According to Benjamin Smedberg:
> Having seen the argument about comment parsing both here and on the regular
> list, I think that there is a solution that will please everybody:
>
> Once you've started a comment, check each dash: if it is followed by only
> dashes, whitespace, up to the next right bracket, then end the comment.
> Otherwise, keep going.
>
> This follows the standard and allows for quite a bit of non-standard) coding
> as well.

Yes, this is more or less what we had come to agree upon. I've finally
taken the time to implement it. Here is the new code, first as a snippet,
so you can see what it does, and as a patch to the 3.1.1 source, so you
can give it a try. I'd appreciate it if everyone who participated in this
discussion, or who had problems with parsing comments in the past, to give
this a try.
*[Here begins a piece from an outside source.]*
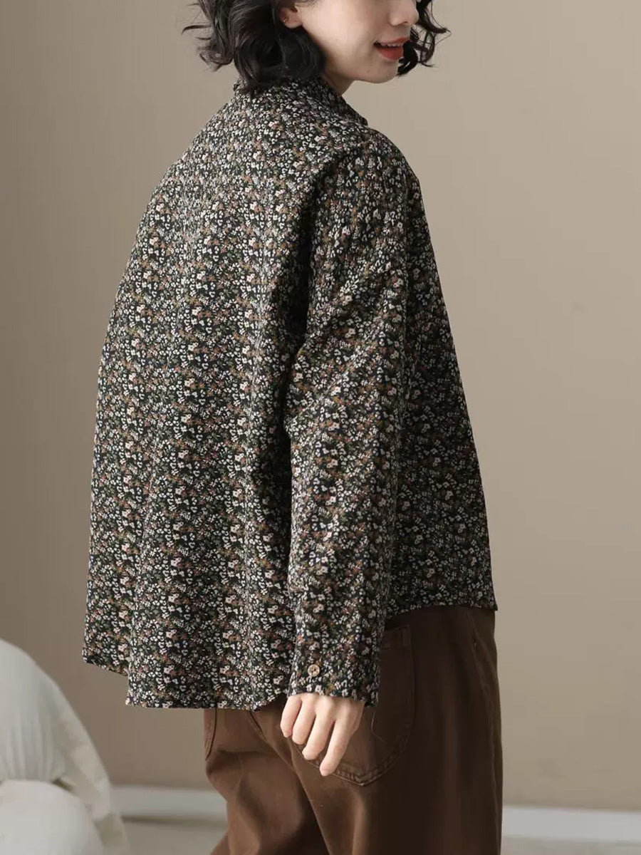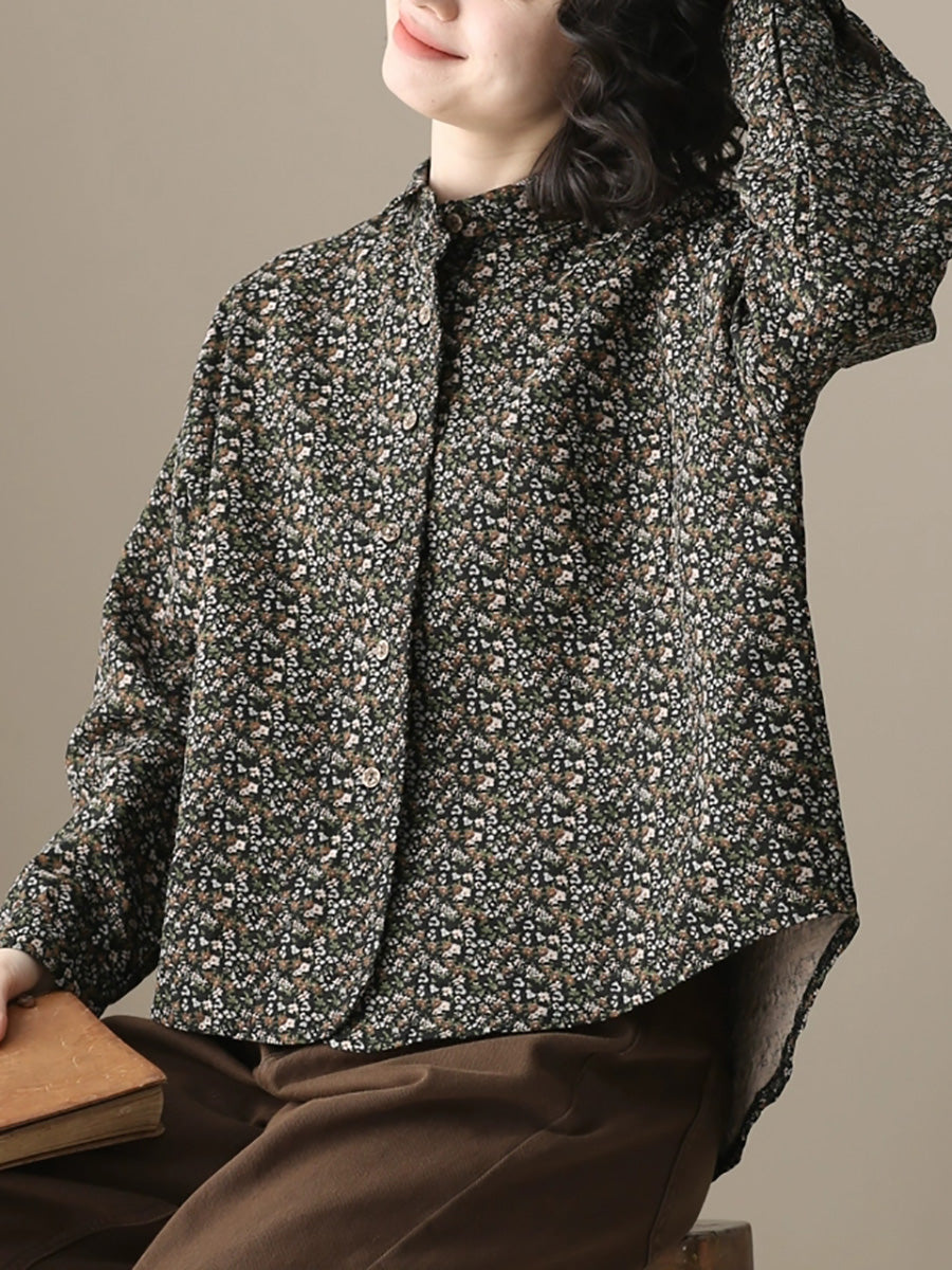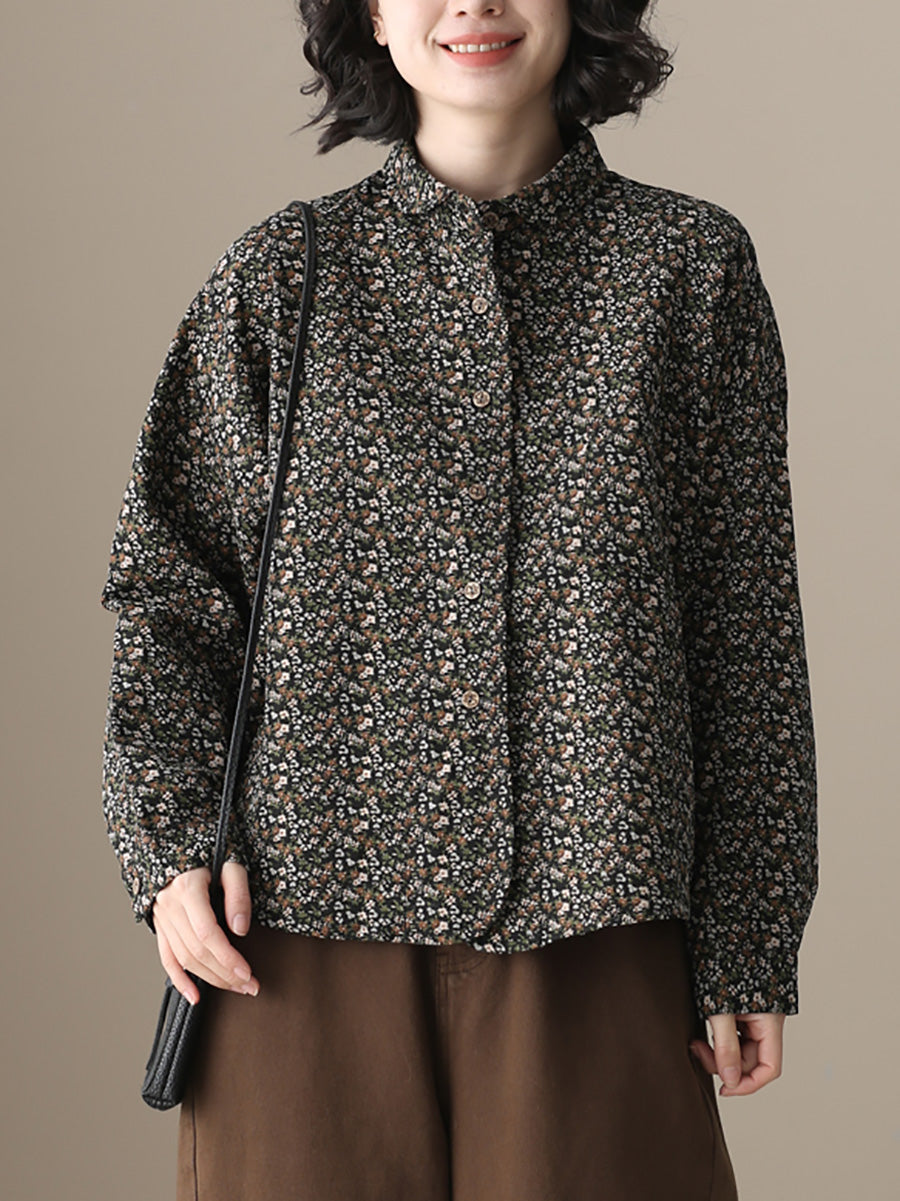 قميص نسائي أنيق بنقشة زهور خريفية من القطن بياقة مطوية

It past the few test cases I threw at it, but I'd like people
to hammer away at it for a while.

      if (strncmp((char *)position, "<!", 2) == 0)
        {
          //
          // Possible comment declaration (but could be DTD declaration!)
          // A comment can contain other '<' and '>':
          // we have to ignore complete comment declarations
          // but of course also DTD declarations.
          //
          position += 2; // Get past declaration start
          if (strncmp((char *)position, "--", 2) == 0)
            {
              // Found start of comment - now find the end
              position += 2;
              do
                {
                  q = (unsigned char*)strstr((char *)position, "--");
                  if (!q)
                    {
                      *position = '\0';
                      break; // Rest of document seems to be a comment...
                    }
                  else
                    {
                      position = q + 2;
                      // Skip dashes after a badly formed comment
                      while (*position == '-')
                          position++;
                      // Skip whitespace after an individual comment
                      while (isspace(*position))
                          position++;
                    }
                  // if comment declaration hasn't ended, skip another comment
                }
              while (*position && *position != '>');
              if (*position == '>')
                {
                  position++; // End of comment declaration
                }
            }
          else
            {
              // Not a comment declaration after all
              // but possibly DTD: get to the end
              q = (unsigned char*)strstr((char *)position, ">");
              if (q)
                {
                  position = q + 1;
                  // End of (whatever) declaration
                }
              else
                {
                  *position = '\0'; // Rest of document is DTD?
                }
            }
          continue;
        }

Apply this patch to htdig/HTML.cc from ht://Dig 3.1.1 (or later).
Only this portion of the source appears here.